- _About this task_
Please transcribe every record below exactly, leaving out the pictures.

- _Data shown_
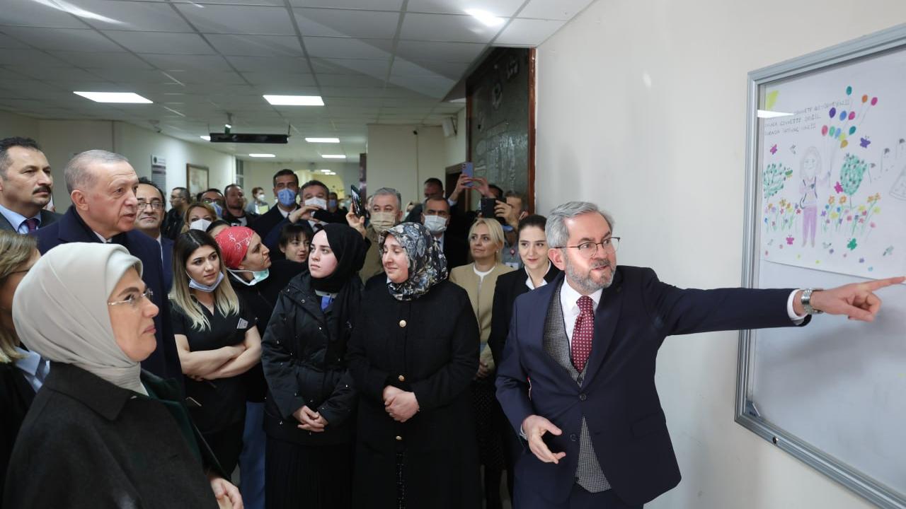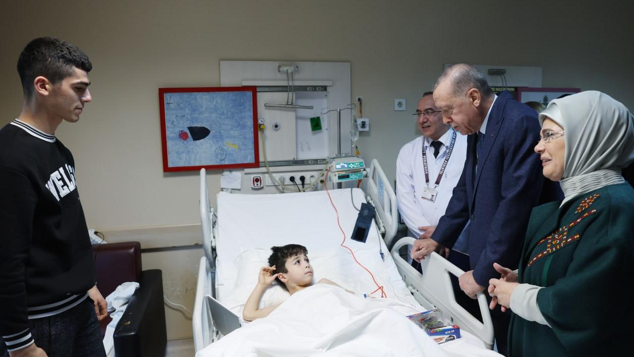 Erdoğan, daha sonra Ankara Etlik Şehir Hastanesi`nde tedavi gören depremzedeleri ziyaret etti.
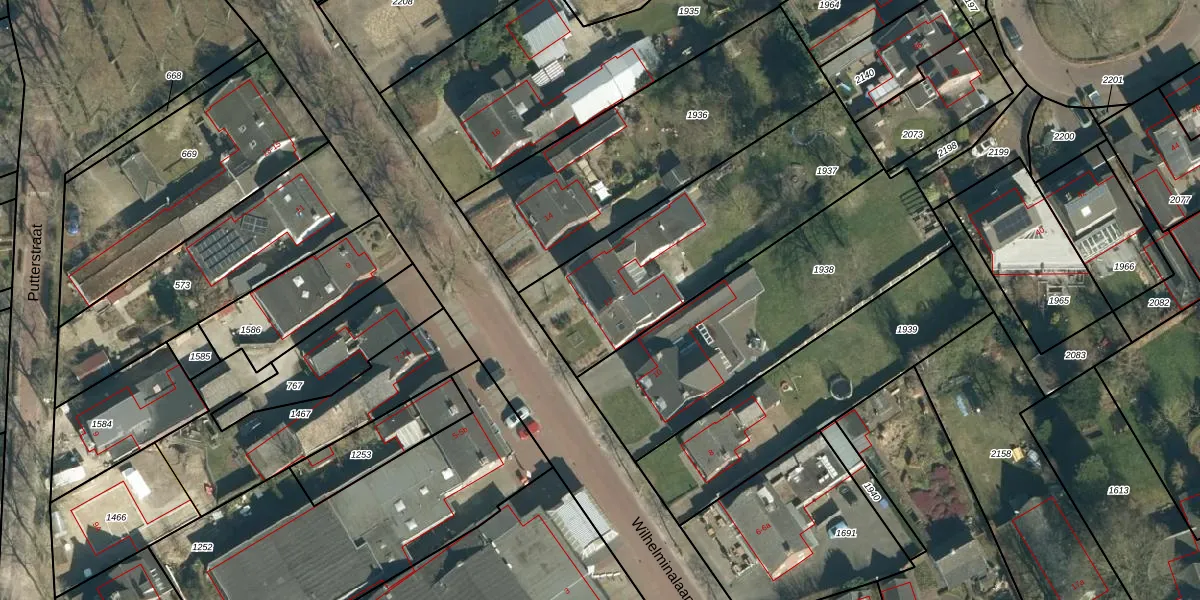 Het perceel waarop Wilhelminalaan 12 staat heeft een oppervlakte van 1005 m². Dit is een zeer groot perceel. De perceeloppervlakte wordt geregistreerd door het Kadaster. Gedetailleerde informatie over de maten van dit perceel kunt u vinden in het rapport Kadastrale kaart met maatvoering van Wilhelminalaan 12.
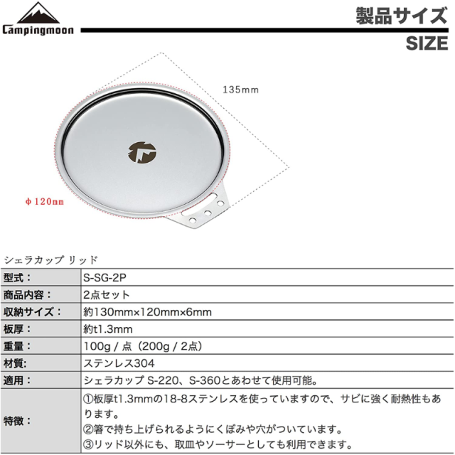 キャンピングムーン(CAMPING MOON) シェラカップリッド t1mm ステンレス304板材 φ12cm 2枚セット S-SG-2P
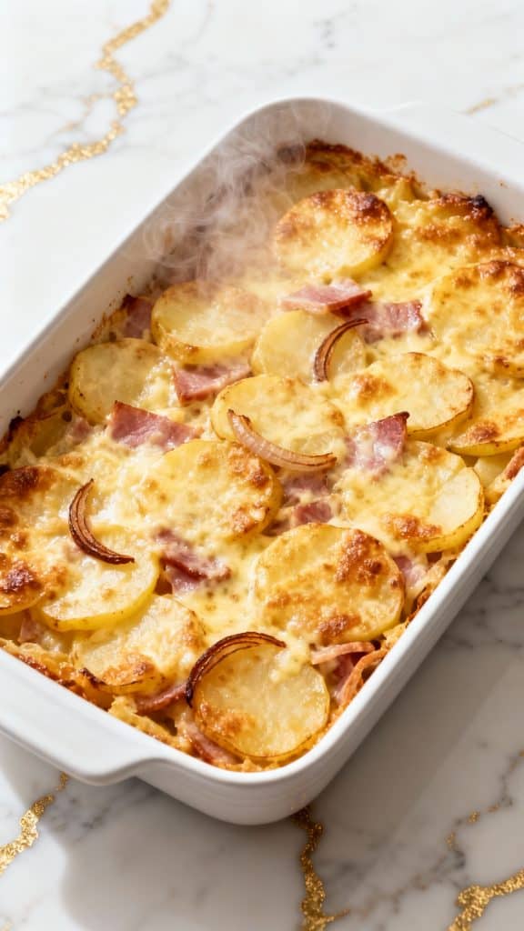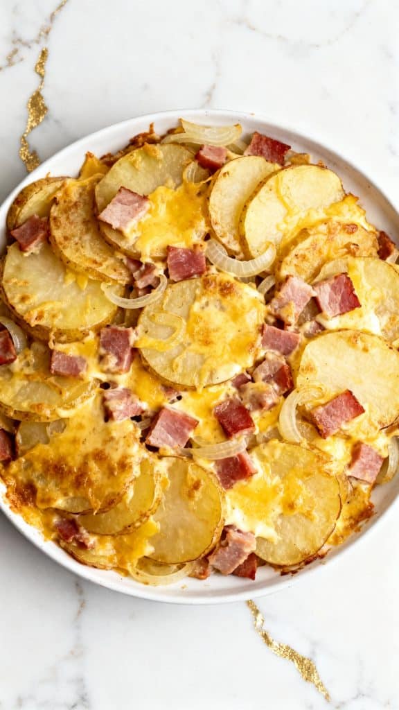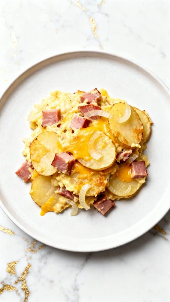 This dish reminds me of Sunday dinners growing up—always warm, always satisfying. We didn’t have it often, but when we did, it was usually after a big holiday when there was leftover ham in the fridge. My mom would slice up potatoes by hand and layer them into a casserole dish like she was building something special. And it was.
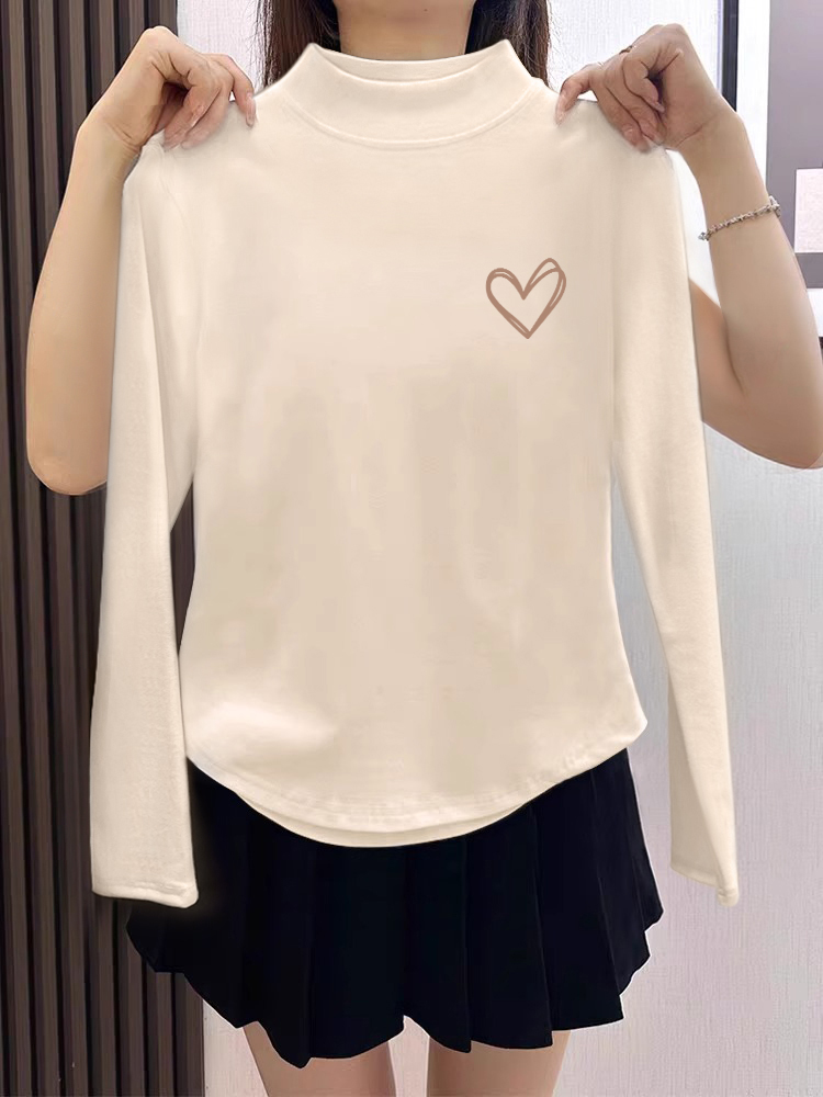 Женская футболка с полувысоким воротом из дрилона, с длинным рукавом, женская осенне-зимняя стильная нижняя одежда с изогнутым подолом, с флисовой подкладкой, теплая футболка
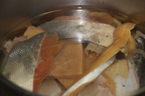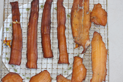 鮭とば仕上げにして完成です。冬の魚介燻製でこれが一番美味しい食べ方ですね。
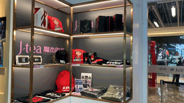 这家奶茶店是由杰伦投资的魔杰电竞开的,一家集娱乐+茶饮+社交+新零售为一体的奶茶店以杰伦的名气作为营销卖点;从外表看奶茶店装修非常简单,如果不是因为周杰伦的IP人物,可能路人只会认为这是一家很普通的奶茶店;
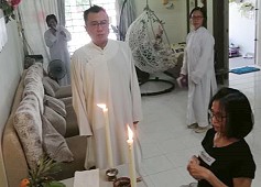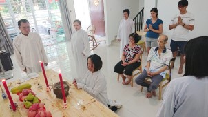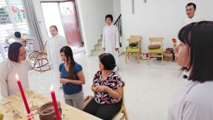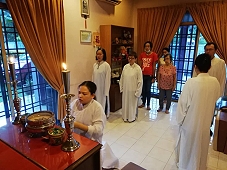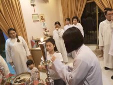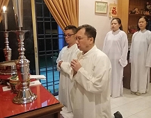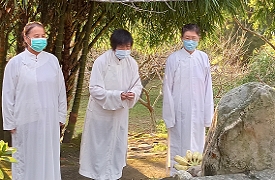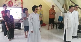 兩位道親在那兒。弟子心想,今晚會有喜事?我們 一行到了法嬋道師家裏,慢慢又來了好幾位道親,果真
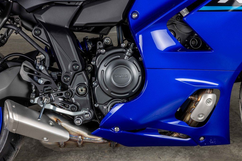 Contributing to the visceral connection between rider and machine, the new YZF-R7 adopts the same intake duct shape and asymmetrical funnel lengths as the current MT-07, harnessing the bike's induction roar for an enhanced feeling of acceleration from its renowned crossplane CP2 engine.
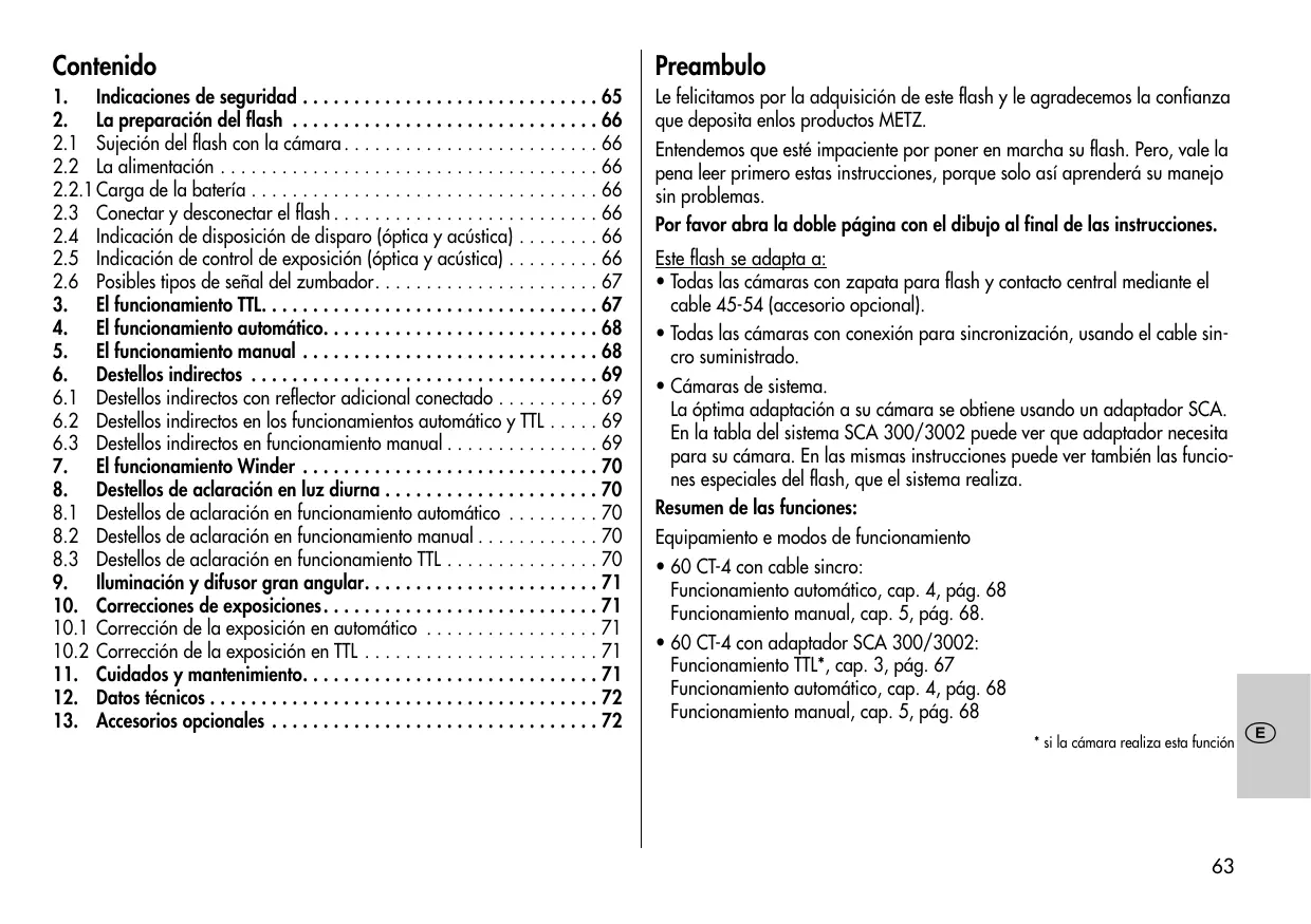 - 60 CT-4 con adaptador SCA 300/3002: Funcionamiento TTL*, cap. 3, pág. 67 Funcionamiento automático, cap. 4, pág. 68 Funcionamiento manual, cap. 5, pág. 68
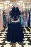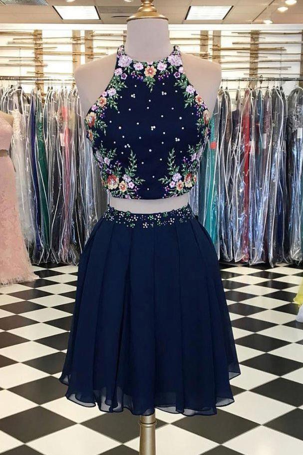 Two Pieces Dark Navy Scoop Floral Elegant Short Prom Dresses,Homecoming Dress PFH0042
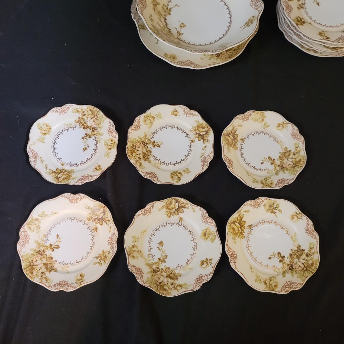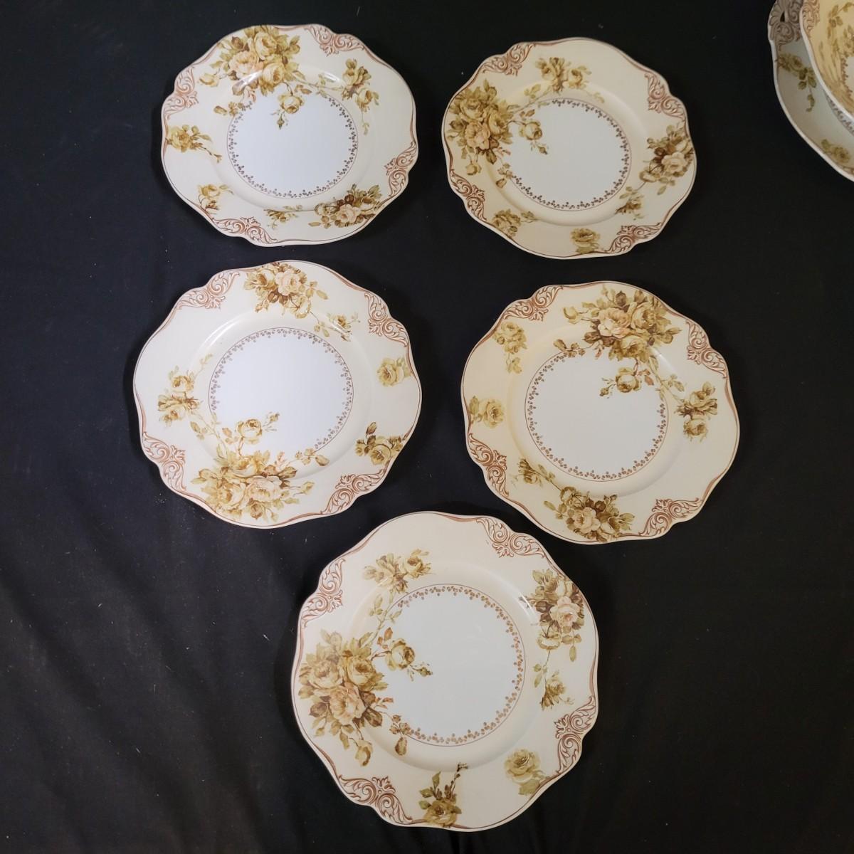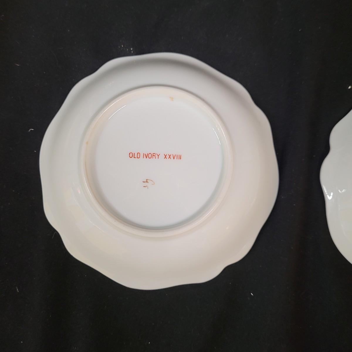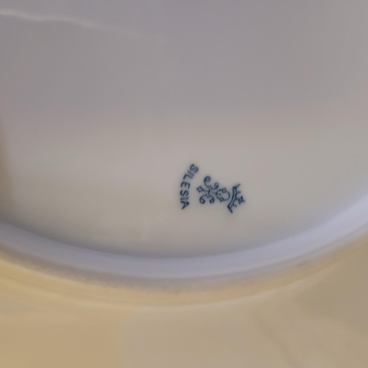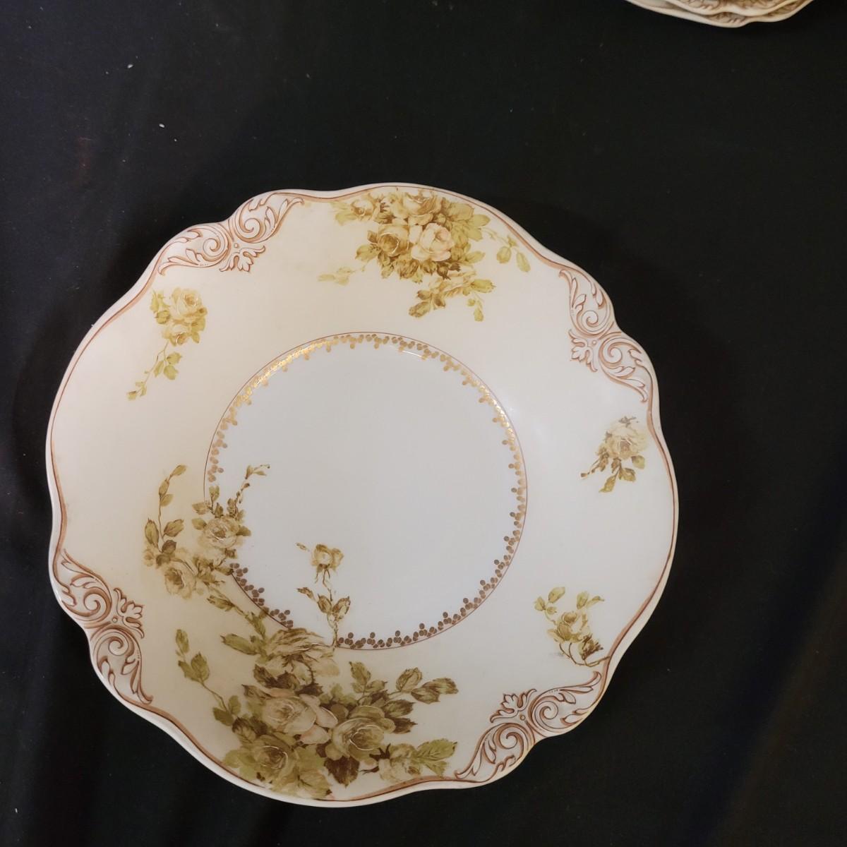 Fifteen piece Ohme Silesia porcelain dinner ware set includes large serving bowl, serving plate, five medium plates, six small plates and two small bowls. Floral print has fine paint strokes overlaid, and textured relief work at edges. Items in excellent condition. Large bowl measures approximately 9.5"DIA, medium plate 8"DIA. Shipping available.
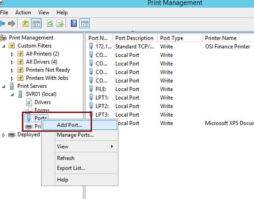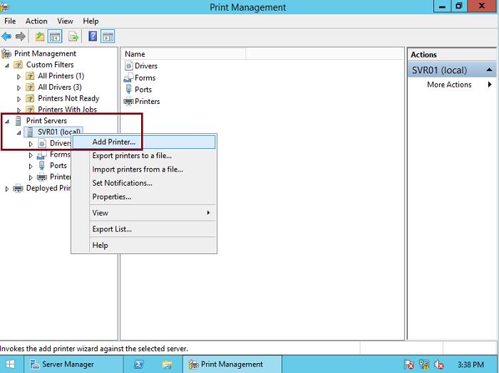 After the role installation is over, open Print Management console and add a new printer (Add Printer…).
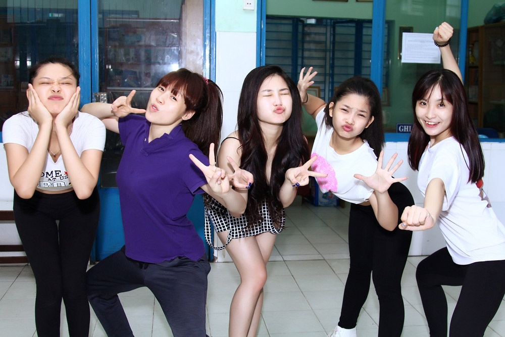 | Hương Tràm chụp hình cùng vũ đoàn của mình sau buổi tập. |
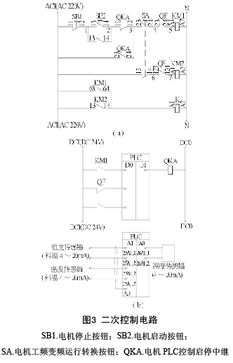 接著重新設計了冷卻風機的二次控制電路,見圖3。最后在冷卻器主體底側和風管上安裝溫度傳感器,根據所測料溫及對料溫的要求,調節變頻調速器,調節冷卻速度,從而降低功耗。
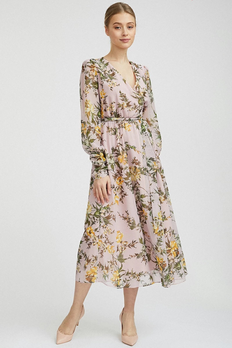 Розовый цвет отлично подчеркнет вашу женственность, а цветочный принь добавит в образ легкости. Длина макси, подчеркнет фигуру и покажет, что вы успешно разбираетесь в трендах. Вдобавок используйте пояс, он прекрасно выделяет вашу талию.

- _Exercise solution_
 Erdoğan, daha sonra Ankara Etlik Şehir Hastanesi`nde tedavi gören depremzedeleri ziyaret etti.
 Het perceel waarop Wilhelminalaan 12 staat heeft een oppervlakte van 1005 m². Dit is een zeer groot perceel. De perceeloppervlakte wordt geregistreerd door het Kadaster. Gedetailleerde informatie over de maten van dit perceel kunt u vinden in het rapport Kadastrale kaart met maatvoering van Wilhelminalaan 12.
 キャンピングムーン(CAMPING MOON) シェラカップリッド t1mm ステンレス304板材 φ12cm 2枚セット S-SG-2P
 This dish reminds me of Sunday dinners growing up—always warm, always satisfying. We didn’t have it often, but when we did, it was usually after a big holiday when there was leftover ham in the fridge. My mom would slice up potatoes by hand and layer them into a casserole dish like she was building something special. And it was.
 Женская футболка с полувысоким воротом из дрилона, с длинным рукавом, женская осенне-зимняя стильная нижняя одежда с изогнутым подолом, с флисовой подкладкой, теплая футболка
 鮭とば仕上げにして完成です。冬の魚介燻製でこれが一番美味しい食べ方ですね。
 这家奶茶店是由杰伦投资的魔杰电竞开的,一家集娱乐+茶饮+社交+新零售为一体的奶茶店以杰伦的名气作为营销卖点;从外表看奶茶店装修非常简单,如果不是因为周杰伦的IP人物,可能路人只会认为这是一家很普通的奶茶店;
 兩位道親在那兒。弟子心想,今晚會有喜事?我們 一行到了法嬋道師家裏,慢慢又來了好幾位道親,果真
 Contributing to the visceral connection between rider and machine, the new YZF-R7 adopts the same intake duct shape and asymmetrical funnel lengths as the current MT-07, harnessing the bike's induction roar for an enhanced feeling of acceleration from its renowned crossplane CP2 engine.
 - 60 CT-4 con adaptador SCA 300/3002: Funcionamiento TTL*, cap. 3, pág. 67 Funcionamiento automático, cap. 4, pág. 68 Funcionamiento manual, cap. 5, pág. 68
 Two Pieces Dark Navy Scoop Floral Elegant Short Prom Dresses,Homecoming Dress PFH0042
 Fifteen piece Ohme Silesia porcelain dinner ware set includes large serving bowl, serving plate, five medium plates, six small plates and two small bowls. Floral print has fine paint strokes overlaid, and textured relief work at edges. Items in excellent condition. Large bowl measures approximately 9.5"DIA, medium plate 8"DIA. Shipping available.
 After the role installation is over, open Print Management console and add a new printer (Add Printer…).
 | Hương Tràm chụp hình cùng vũ đoàn của mình sau buổi tập. |
 接著重新設計了冷卻風機的二次控制電路,見圖3。最后在冷卻器主體底側和風管上安裝溫度傳感器,根據所測料溫及對料溫的要求,調節變頻調速器,調節冷卻速度,從而降低功耗。
 Розовый цвет отлично подчеркнет вашу женственность, а цветочный принь добавит в образ легкости. Длина макси, подчеркнет фигуру и покажет, что вы успешно разбираетесь в трендах. Вдобавок используйте пояс, он прекрасно выделяет вашу талию.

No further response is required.